MongoFrogman · 26/04/2024 13:05

Article by Petronella Wyatt, thoughts?:

https://archive.ph/IBlas

OP posts:
FannyCann · 27/04/2024 10:37

@Brefugee GrinGrinGrin
I think my parents were older than your parents.
At least I got to drink the dregs of the port in the morning.

Dumbo12 · 27/04/2024 10:49

Does she not recognise that making adult choices have consequences for adult life? If she has been detained under the mental health act recently, then perhaps she also needs advice about not exposing her poor choices for the world to see, presumably for money.
It seems an odd thing to do, blame those who gave you choices, for you making poor choices.

Thelnebriati · 27/04/2024 11:00

Shagging married men then blaming other women because it didn't make you happy? I used to have a house mate like that.

MissLucyEyelesbarrow · 27/04/2024 11:12

FlakyPoet · 27/04/2024 09:52

I know, because I've seen it, that some people tend to just accept narratives like that without much reflection, and assume their own feelings will tend to stay the same.

That could end with a feeling of having missed out, a combination of a social narrative among her group of peers, and not being super-insightful herself.

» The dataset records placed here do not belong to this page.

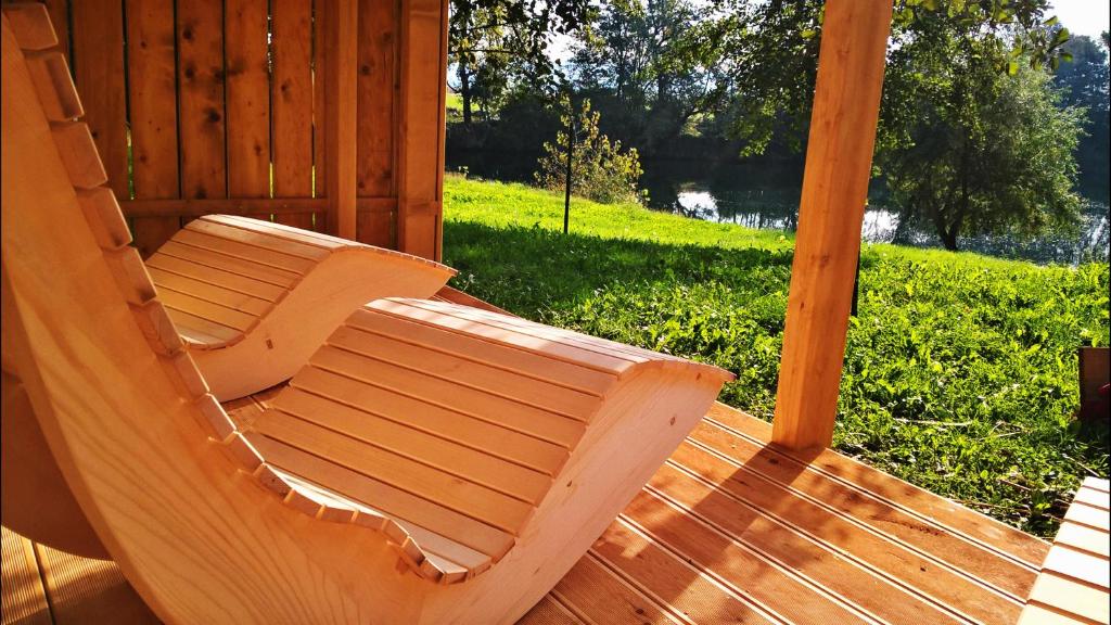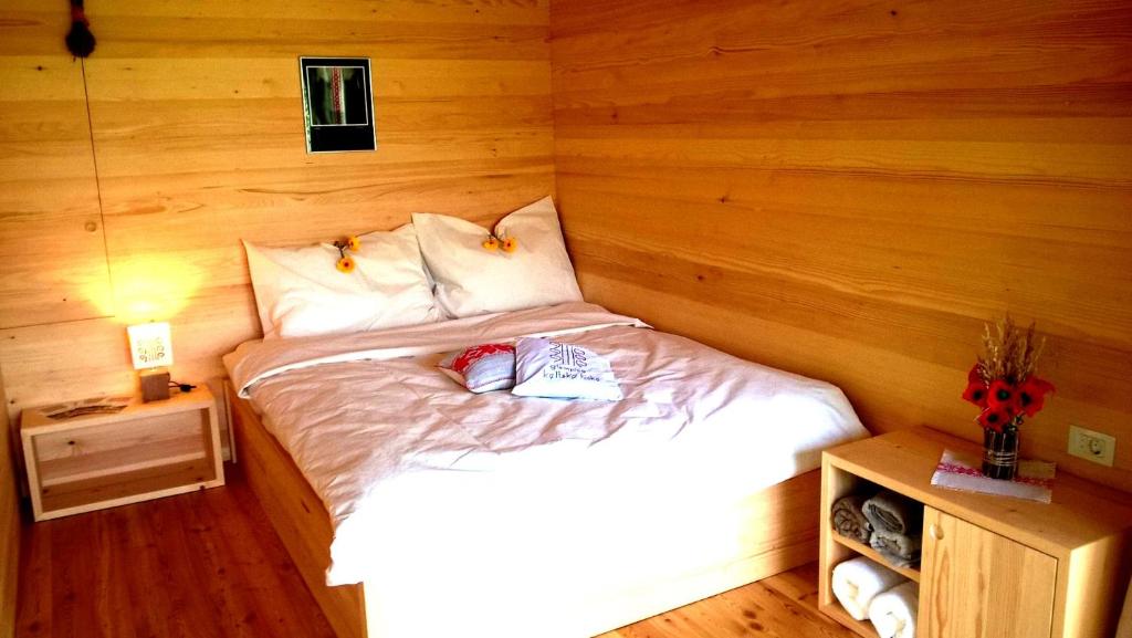casas celtas, ubicado en Camp Podzemelj, están hechos de materiales naturales, madera en bruto y tradicionalmente cubiertos con paja. El aspecto rústico exterior y el cuidado interior de las casas ofrecen al huésped todo el confort necesario. Las cabañas se encuentran en una ubicación ideal de una bahía cubierta de hierba en el centro del campamento, por lo que puede mirar el río Kolpa desde su cama, o incluso desayunar allí con vista al amanecer y la hermosa naturaleza.
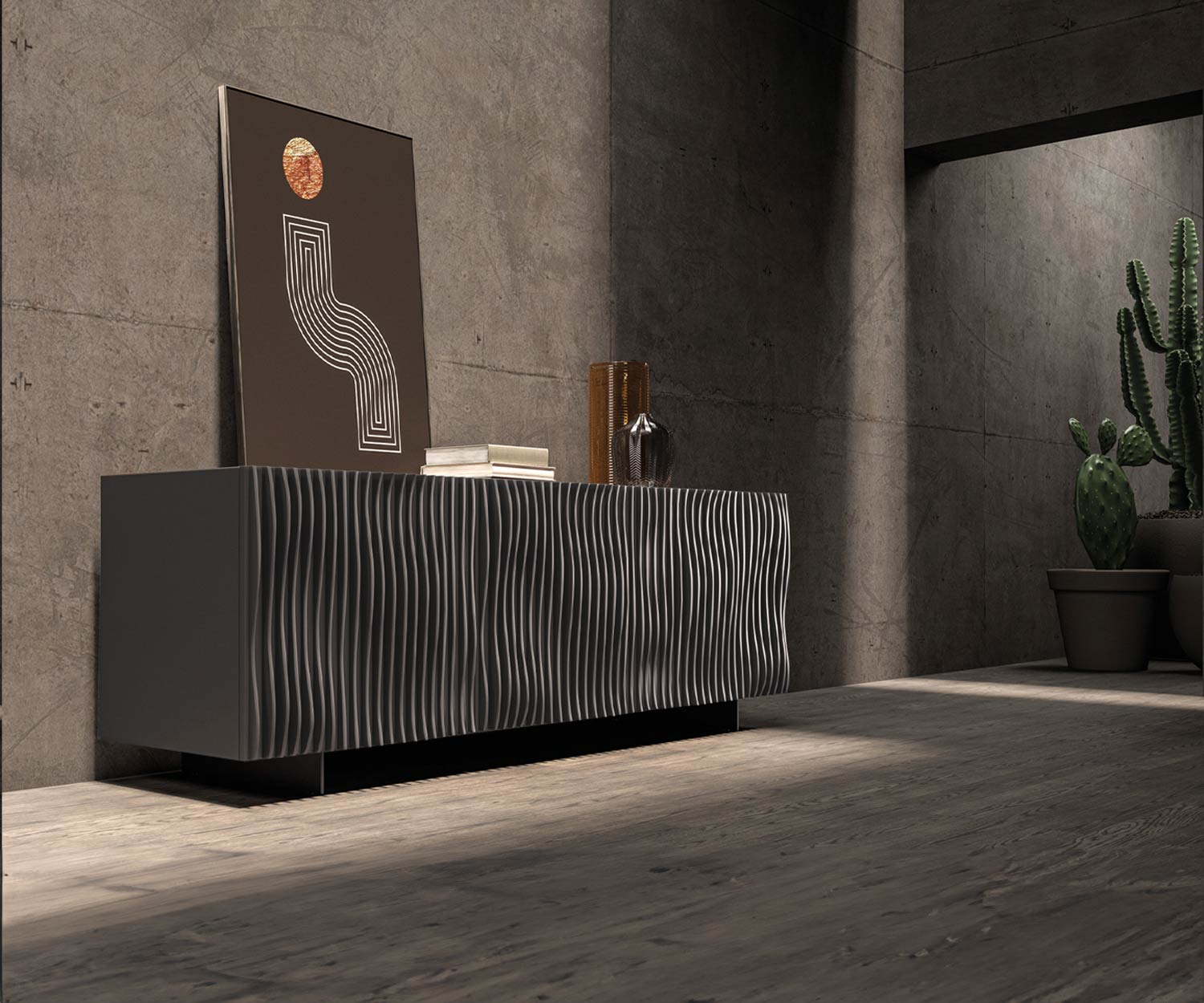 La façade et le corps du sideboard design Ozzio Onda sont disponibles dans les impressionnantes couleurs laquées bronze mat ou gris ardesia mat . Les pieds métalliques sont laqués bronze mat ou graphite mat , assortis à la couleur du corps et de la façade.
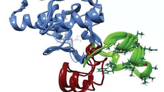 Vídeo: Cambio tridimensional de la proteína SMAD2 desde la conformación abierta que permite la unión de este factor transcripcional al ADN (en verde) a la forma cerrada incompatible con dicha unión (en rojo). Pau Martín-Malpartida y Maria J. Macias, IRB Barcelona.

This is very true. If all of the author’s friends were feminists at the time she was pregnant, I seriously doubt she would have had any support if she expressed thoughts of keeping the baby. With BJs pressure to terminate and the narrative from her friends “Oh, your life won’t be your own, you’ll lose your freedom, he won’t be a good father, you’ll be better keeping your life as it is”, and so on, that tiny voice within her saying “keep this baby, we could have a lovely life, the two of us”, would be totally squashed down.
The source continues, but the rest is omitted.